This does very much feel like the “good old days” with per ride pricing, which isn’t real great. What is odd though is the limits they had with individual paid lightning lanes… I could easily see someone dropping $100 to do Rise three times in the same day or something…
The attendance thing…. Disney has actually been trying to find ways to lower park attendance. Well, maybe I should phrase that as smooth out park attendance. A couple years ago at a quarterly shareholder call they vaguely mentioned/alluded to trying to control attendance (down) by saying that they were increasing prices to help improve the customer experience when in the parks. Customer satisfaction, likely wait times, was specifically something that was becoming a huge issue (this was just post pandemic) and Disneyland didn’t really have a good solution to cutting wait times other than trying to shift attendance from school breaks, holidays, weekends, to mid-week days in months without school or public holidays. They did this by really shuffling the per day pricing and increasing prices.

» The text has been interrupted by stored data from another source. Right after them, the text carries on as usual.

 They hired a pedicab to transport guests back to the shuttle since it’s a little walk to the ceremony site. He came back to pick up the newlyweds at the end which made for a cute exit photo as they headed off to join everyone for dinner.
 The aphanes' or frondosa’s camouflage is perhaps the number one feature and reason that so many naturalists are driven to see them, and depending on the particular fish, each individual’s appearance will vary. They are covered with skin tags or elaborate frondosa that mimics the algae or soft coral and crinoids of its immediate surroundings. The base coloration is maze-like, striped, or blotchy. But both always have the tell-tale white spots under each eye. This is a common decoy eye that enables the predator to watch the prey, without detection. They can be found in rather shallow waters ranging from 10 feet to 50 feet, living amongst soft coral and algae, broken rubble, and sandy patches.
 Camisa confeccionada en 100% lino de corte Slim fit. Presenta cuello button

I can’t see how this will lower attendance, people just won’t pay for this add on. However, this could push up average revenue if attendance is getting a little soft, but some percentage (even if it’s rather small) are big spenders that will toss $400 towards this premium product.

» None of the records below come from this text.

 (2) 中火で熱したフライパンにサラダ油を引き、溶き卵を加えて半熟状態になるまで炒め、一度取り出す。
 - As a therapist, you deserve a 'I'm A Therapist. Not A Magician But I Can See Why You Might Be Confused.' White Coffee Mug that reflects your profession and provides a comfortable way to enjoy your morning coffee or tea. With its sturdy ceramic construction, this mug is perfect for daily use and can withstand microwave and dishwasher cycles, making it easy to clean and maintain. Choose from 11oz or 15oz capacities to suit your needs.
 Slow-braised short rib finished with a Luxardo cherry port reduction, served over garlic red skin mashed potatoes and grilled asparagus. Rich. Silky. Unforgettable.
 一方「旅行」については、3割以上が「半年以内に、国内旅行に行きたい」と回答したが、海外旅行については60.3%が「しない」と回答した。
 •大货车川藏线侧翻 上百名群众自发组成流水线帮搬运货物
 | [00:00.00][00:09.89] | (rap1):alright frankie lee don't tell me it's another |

If you think about it, each lightning lane premium sold acts like four people buying standard lower tier (cheaper) park tickets. I doubt it increases wait time by the same amount as four additional people though. Sell 2,500 of these passes a day and you collect the same revenue as 10,000 additional park tickets sold…
You also don’t need additional staff since it’s not a guided tour.
You don’t sell additional food or merchandise, and honestly you might actually sell less merchandise if some people sacrifice that to afford this premium pass… but food and merchandise is what the SoCal annual pass is for.